If a publisher doesn’t have on-site video, Branovate feels justified in running pre-roll in-banner, because it supplies video to publishers to play after the ad runs. But that runs counter to advertisers’ expectations of how users will view pre-roll.

Mobile is another growth area for in-banner video. The IAB and MRC haven’t developed mobile video viewability standards. And less oversight makes it easier to run in-banner video on mobile undetected.

Branovate is growing its business fastest on mobile. Seven months after adding mobile videos to its lineup, it’s now auctioning off 17 billion mobile video opportunities a monht (it doesn’t fill everything). Ads on mobile are overtaking desktop for the 3-year old company, although Lichtenfeld said it’s not related to differing viewability standards on desktop and mobile.

What Publishers Can And Can’t Do About In-Banner Video

When publishers accept programmatic demand, in-banner video ads will often slide in unidentified in the bid request.

They really only have one option: constant maintenance and monitoring to manually filter out in-banner video.

“It’s difficult to control because it’s really just rich media creative,” said Dana Caputo, director of programmatic at TEN (The Enthusiast Network). “We always notify our partners of [in-banner video], and they work to resolve it.”

Publishers are normally one step behind because many unscrupulous players don’t properly tag their video as “autoplay” in the creative ID section of the openRTB spec for a bid request.

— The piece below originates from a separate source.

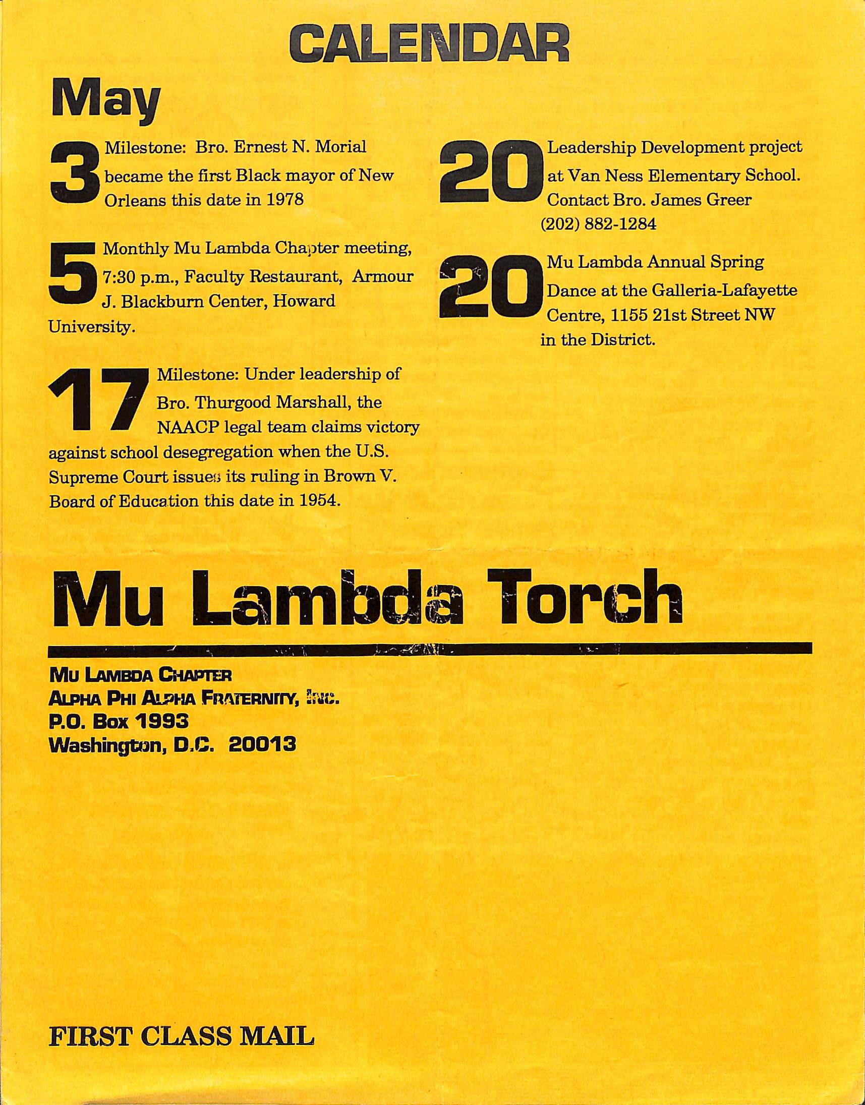 Brothers of Mu Lambda, their ladies and guests are eagerly looking for¬ ward to the chapter sonnunl Spring Dance on Friday, May 20 at the Galleria-Lafayette Centre, 1155 21st Street NW, in the District.

“A lot of them intentionally omit that because it will block them from a lot of inventory from the get-go,” said Scott Siegler, the SVP of engineering for Gamut, a publisher ad tech company owned by Cox Media. “They capitalize on people not being able to block them in real time.”

Some publishers are resigned to playing whack-a-mole.

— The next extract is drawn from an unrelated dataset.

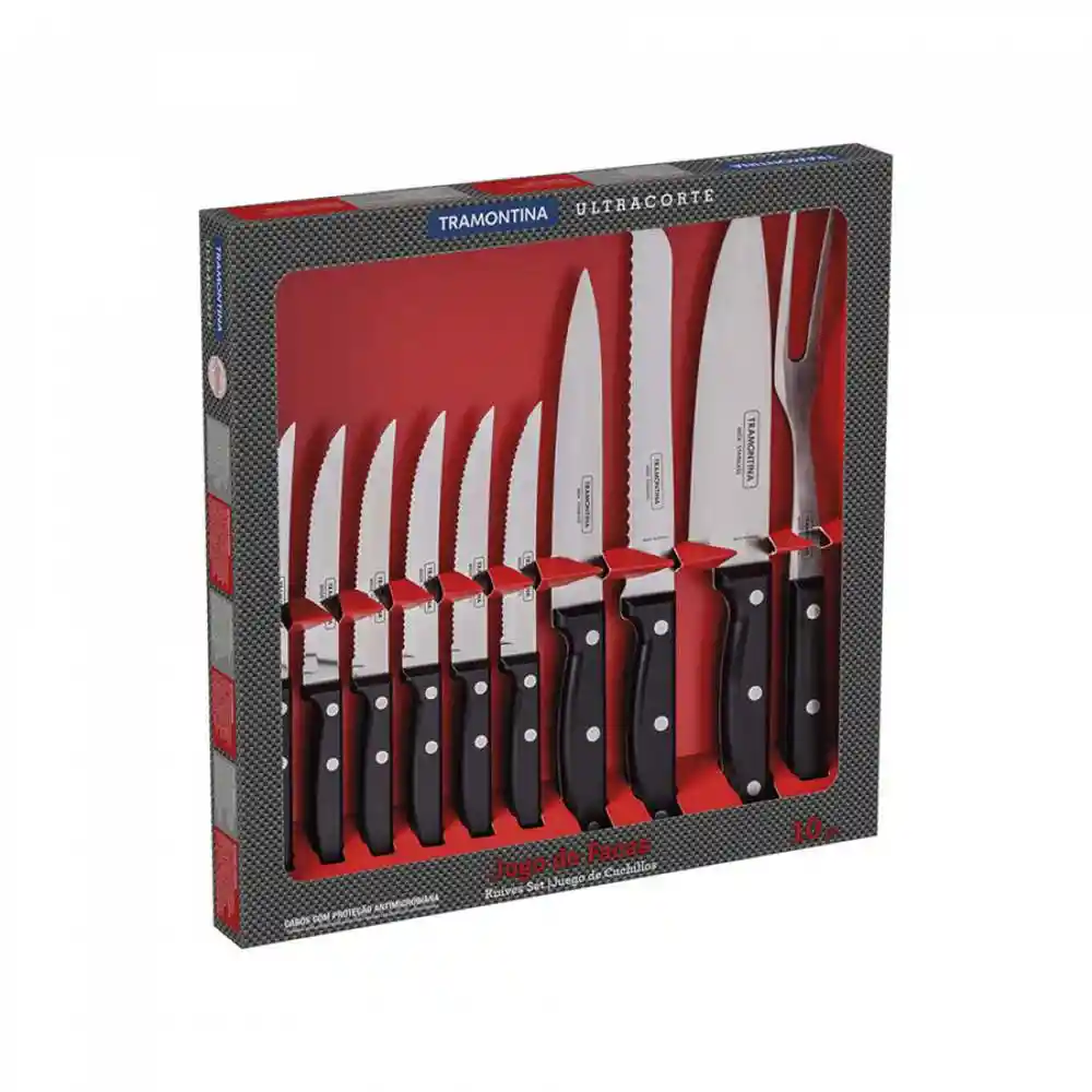 Juego cuchillos 10 piezas en acero inoxidable, mangos en propileno reistente, color negro composicion: 6-cuchillos asados 5" 1- cuchillo pan 7" 1-cuchillo cocina 6" 1-cuchillo chef 7" 1- tenedor trinchante ultracorte

“It might just be one of those things where they will just keeping finding a way to dig under the fence,” said Scott Mulqueen, director of programmatic and audience strategy for About.com. It doesn’t allow any in-banner video on its site, but some still slips in.

“It would be great if there was a blanket alternative that always defends against [in-banner video],” Mulqueen said.

Gamut is working on a more proactive solution to improve ad quality, a huge issue for Cox. Gamut released a toolbar in July called Gamut Navigator, which allows publishers to block advertisers in a single click.

“We care about this more than a tech-only vendor, because we roll into a publishing platform,” Siegler said.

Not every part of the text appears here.